The demand of energy has been increasing day by day which opened new windows of research in the field of petroleum exploration and production. New methods of development for conventional and unconventional reservoirs have been discussed and implemented vastly during the last couple of decades. Oil shale reserves in the world are more abundant than any conventional oil reserves. The United States of America has the major oil shale reserves in the world [1].

Oil shale has a component called kerogen which is the main source of producing hydrocarbon liquid and gas. This component is found in solid state. At some specific temperature range, this component starts to liquefy and gasify leaving behind some pre-char, char and coke products [2]. Normally, retorting the oil shale is carried out to the surface which is called ex-situ retorting of kerogen. In this process, oil shale is mined and brought to the surface for retorting process [3]. This process has many disadvantages. First of all, this process is valid for exposed oil shale or/and shallow depth reservoirs because deep mining for oil shale retorting is very risky and almost impossible. Secondly, this process is not considered as environment friendly because of mining which requires a larger land area to use. Thirdly, the production of big amount of CO_{2} gas and other impurities is also considered as a problem while left behind coke, char and pre-char are also very hazardous for environment and need a proper disposal [4] [5] [6] [7].

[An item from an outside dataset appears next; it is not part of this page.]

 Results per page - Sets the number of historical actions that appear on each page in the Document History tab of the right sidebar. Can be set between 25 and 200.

On the other hand, the in-situ conversion process of kerogen is a relatively new technique which allows the retorting of kerogen into liquid and gas beneath the surface. Then these converted hydrocarbons are produced like at any other conventional petroleum reservoir [8] [9] [10] [11] [12]. This process has many advantages over ex-situ methods. It is viable for deeper deposits of oil shale formation. The quality of crude oil extracted by in-situ conversion process is usually better than ex-situ process. Additionally, this process is relatively environmentally friendly [13] [14] [15] [16].

The down-hole subsurface electric heaters are installed in heating wells during the in-situ conversion process of kerogen which provides slow heating to the formation and temperature is gradually increased upto 370˚C [17] [18]. To accurately model the heat dissipation within the oil shale formation it is required to develop a mathematical and numerical model which can acknowledge all means of heat transfer i.e. convection, conduction, dispersion, advection and diffusion.

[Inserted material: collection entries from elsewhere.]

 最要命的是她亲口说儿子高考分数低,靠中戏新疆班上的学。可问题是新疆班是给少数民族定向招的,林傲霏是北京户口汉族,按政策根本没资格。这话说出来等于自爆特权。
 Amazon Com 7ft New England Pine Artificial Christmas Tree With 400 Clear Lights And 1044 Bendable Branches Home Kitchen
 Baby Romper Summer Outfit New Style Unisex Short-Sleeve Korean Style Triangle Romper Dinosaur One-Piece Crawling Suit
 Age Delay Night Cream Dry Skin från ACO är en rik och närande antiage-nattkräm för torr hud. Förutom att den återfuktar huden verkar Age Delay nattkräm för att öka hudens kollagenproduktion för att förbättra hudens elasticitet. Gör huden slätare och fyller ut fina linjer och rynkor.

In this paper, the heat dissipation is modeled by considering all the transportation processes of porous media and generated fluid. This approach will help to make the in-situ conversion process viable and feasible to adopt practically.

2. Mathematical Formulation

Introducing heat to oil shale reservoir enhances the internal energy of fluid as well as of the porous media. Heat is transmitted in the reservoir by different processes i.e., due to the flow of fluid called an advective process, due to molecular diffusion through dispersive and diffusive processes. The total mass transport through these processes in a fluid is best described by generalized Fick’s law (Equation (1)).

${f}_{\beta}^{k}={\rho}_{\beta}{X}_{\beta}^{k}{v}_{\beta}-{D}_{\beta}^{k}\nabla \left({\rho}_{\beta}{X}_{\beta}^{k}\right)$ (1)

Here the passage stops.